Davis said he wants to wait until the cases -- and the military commissions system -- have a more solid legal footing. He also said that Defense Department general counsel William J. Haynes II, who announced his retirement in February, once bristled at the suggestion that some defendants could be acquitted, an outcome that Davis said would give the process added legitimacy.

"He said, 'We can't have acquittals,' " Davis said under questioning from Navy Lt. Cmdr. Brian Mizer, the military counsel who represents Hamdan. " 'We've been holding these guys for years. How can we explain acquittals? We have to have convictions.' "

Does anybody, including our foreign affairs minister, need any more evidence that the entire military tribunals process is just a political farce created by an imperialist administration bent on justifying to the public that its 'war on terror' is supposedly succeeding at the expense of defendants whose fates are predetermined?

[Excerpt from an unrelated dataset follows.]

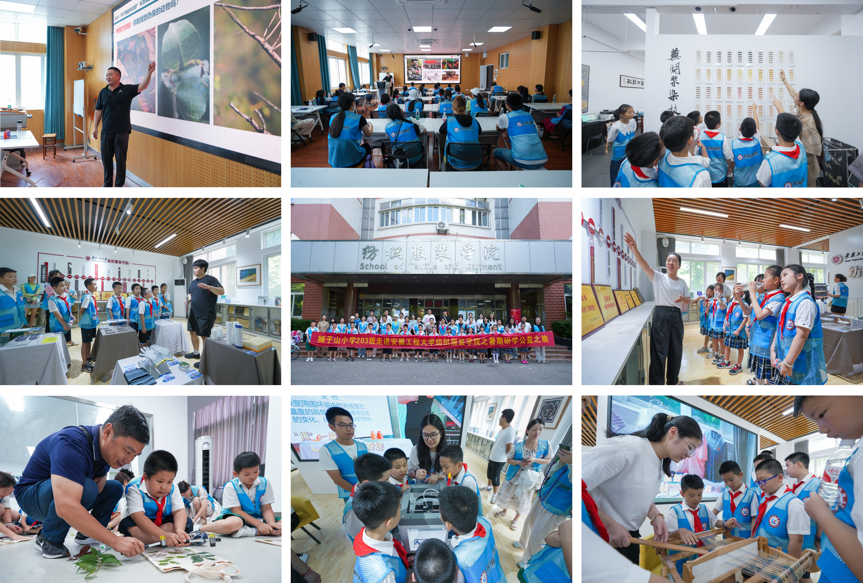 为弘扬青少年爱国主义精神,充分发挥高校的阵地资源优势,搭建“立体化”专业小课堂与社会大课堂相结合的科普研学平台。7月25日,纺织服装学院“行走的课程思政”公益团队开展“科普小课堂,种下大梦想”科普研学游活动,芜湖市狮子山小学校长陈明老师、203班班主任张洪老师和30余名学生及家长来校参加此次活动。

Several other countries have long ago repatriated their citizens who were interred at the Gitmo gulag, yet Canada's government - holding on to its Bush poodle status even though he will soon be a distant memory (good riddance) - continues to try to boost the political image of the Republicans by using Omar Khadr as a political pawn. If only there was a way to hold this government criminally responsible for abandoning the one Canadian citizen left rotting in Gitmo.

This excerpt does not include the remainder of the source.